De rekensommetjes liegen er niet om. In deze analyse met behulp van doorrekeningen van advieskantoor PricewaterhouseCoopers (PwC) wordt stilgestaan bij iemand met een brutoloon van 50.000 gulden en een ander met een loon van 100.000 gulden. Dan blijkt uit de overzichten wat er in 2012, 2013 en 2014 aan belasting en premies verschuldigd was/is. In 2012 is aangenomen dat de werkgever de ziektekostenverzekering voor de werknemer betaalt door middel van een collectieve ziektekostenverzekering en is de premie gesteld op 6.000 gulden. Afhankelijk van de gezinsomstandigheden kan dit bedrag (veelal) lager of (in sommige gevallen) hoger uitkomen. Omdat de basisverzekering ziektekosten (bvz) voor 75 procent wordt betaald door de werkgever, is voor de ziektekostenverzekering ook ervan uitgegaan dat de werkgever 75 procent betaalt en de werknemer 25 procent. Wat opvalt, is het grote verschil met de bvz, aangezien die bij een inkomen van 100.000 en een premie van 13 procent uitkomt op 13.000 gulden.
Voor 2013 en 2014 is uitgegaan van een werknemer die verplicht verzekerd is voor de bvz. Uit de overzichten blijkt - samengevat - dat de totale personeelslasten bij een inkomen van 50.000 zijn gestegen van 58.410 gulden in 2012 naar 60.605 in 2014. De stijging van de totale personeelslasten was dus in 2013 al 3,8 procent bij een gelijkblijvend brutoloon van 50.000. Bij een brutoloon van 100.000 was de stijging van de personeelslasten 6,2 procent. De inflatie was van december 2011 tot en met november 2013 circa 2,5 procent. De personeelslasten stegen in deze twee jaren dan ook ruimschoots meer dan de inflatie.
Uitgaande van een gelijkblijvend brutoloon is de netto-inkomensdaling voor een werknemer met een inkomen van 50.000 gulden in 2013 zo’n 0,9 procent en in 2014 zo’n 0,5 procent. Tel daarbovenop het koopkrachtverlies als gevolg van inflatie en de werknemer ziet zijn koopkracht dalen met 3,9 procent. Bij een werknemer met een brutoloon van 100.000 gulden daalt het netto inkomen bij een gelijkblijvend brutoloon met 2,6 procent en daalt de koopkracht met 5,1 procent.

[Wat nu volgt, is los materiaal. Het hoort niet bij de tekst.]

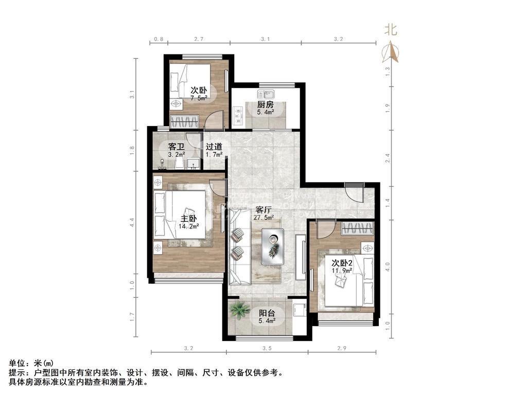厅室3室2厅1卫1阳台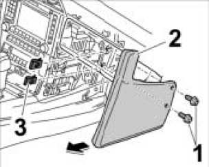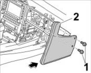 1. Unscrew fastening screws -1- and take off cover for centre console -2-.

Ten aanzien van de bvz is (verdere) reparatiewetgeving aangekondigd en afhankelijk van wat de definitieve tekst zal worden, kunnen de hierboven besproken gevolgen anders uitvallen. Zou op basis van reparatiewetgeving elke particulier verzekerde werknemer in de toekomst ook blijvend particulier verzekerd mogen blijven, dan is het probleem natuurlijk een stuk minder; dan heb je alleen nog de AOV-verhoging (algemene ouderdomsverzekering). Dus er hangt veel af van de reparatiewetgeving.

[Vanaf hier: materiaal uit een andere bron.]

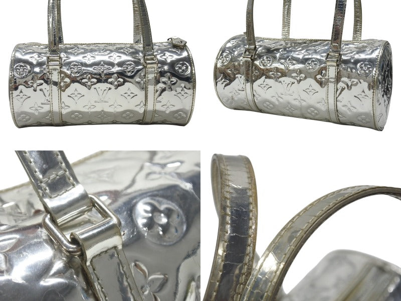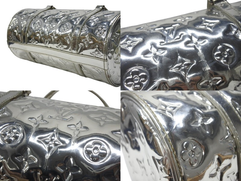 表面とシルバー金具部分に微かに小傷、スレ、シワ、クスミあります。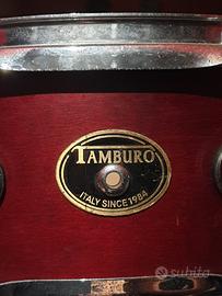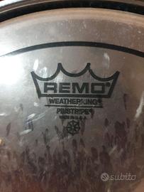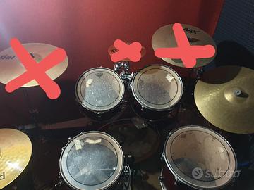 Batteria 5 pezzi colore bordeaux con venature del legno visibili. Cassa 22', Tom 12', Tom 13', timpano 16', rullante 14'. Pelli Remo Pinstripe Weather King sui due tom, sul timpano e sul rullante usate come da foto. Piatti Paiste 101: hi-hat 14', crash 16', ride 20' tutti compresi di aste. Sgabello e pedale compresi.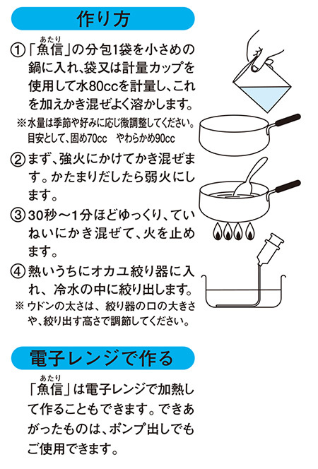 鍋で炊いても、電子レンジで加熱しても作れる、タピオカウドンの素。ネバリが強く、ハリ持ちが抜群で、明確なアタリを導き出すウドンに仕上がります。経時変化が少なくダレにくいため、前日に作っても、釣行日の最後まで使えます。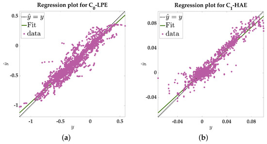 As discussed in Section 4.1 and Section 4.2, the MLP model is used to estimate -LPE, which consists of five features and a two-dimension target. The combination of five input features and a one-dimension target is used to estimate -HAE. The regression graphs obtained as results of the MLP training are given in Figure 8. The models are evaluated for the test set after convergence, and regression accuracy can achieve 94.0% and 95.5%, respectively, for -LPE and -HAE estimation in order to further evaluate the estimation model, where evaluation metrics (MSE, RMSE, and R) measure regression performance. As a result, MLP training performance is provided in Table 4. The results show good agreement between actual and estimated values, and the prediction errors of the results are within an acceptable range. The models are more consistent with the trend of real values in terms of the predicted value. Therefore, the training of the network has been successfully provided.

Feit is dat op dit moment bedrijven meer kwijt zijn aan personeelskosten, maar werknemers minder in hun portemonnee ontvangen. Het werkt twee kanten op. Aan de ene kant: door lagere loonkosten kan de (kwantitatieve) structurele werkloosheid afnemen. Als de daling van de loonkosten wordt doorberekend in de prijzen, verbetert de internationale concurrentiepositie. De export (dus de productie) stijgt, waardoor de werkgelegenheid kan toenemen. En aan de andere kant: door hogere nettolonen kan de conjuncturele werkloosheid afnemen. Als de nettolonen stijgen, zullen de consumptieve bestedingen toenemen. Bedrijven gaan meer produceren, waardoor de werkgelegenheid kan toenemen. Kortom de grotere wig is ongewenst en staat meer banen in de weg.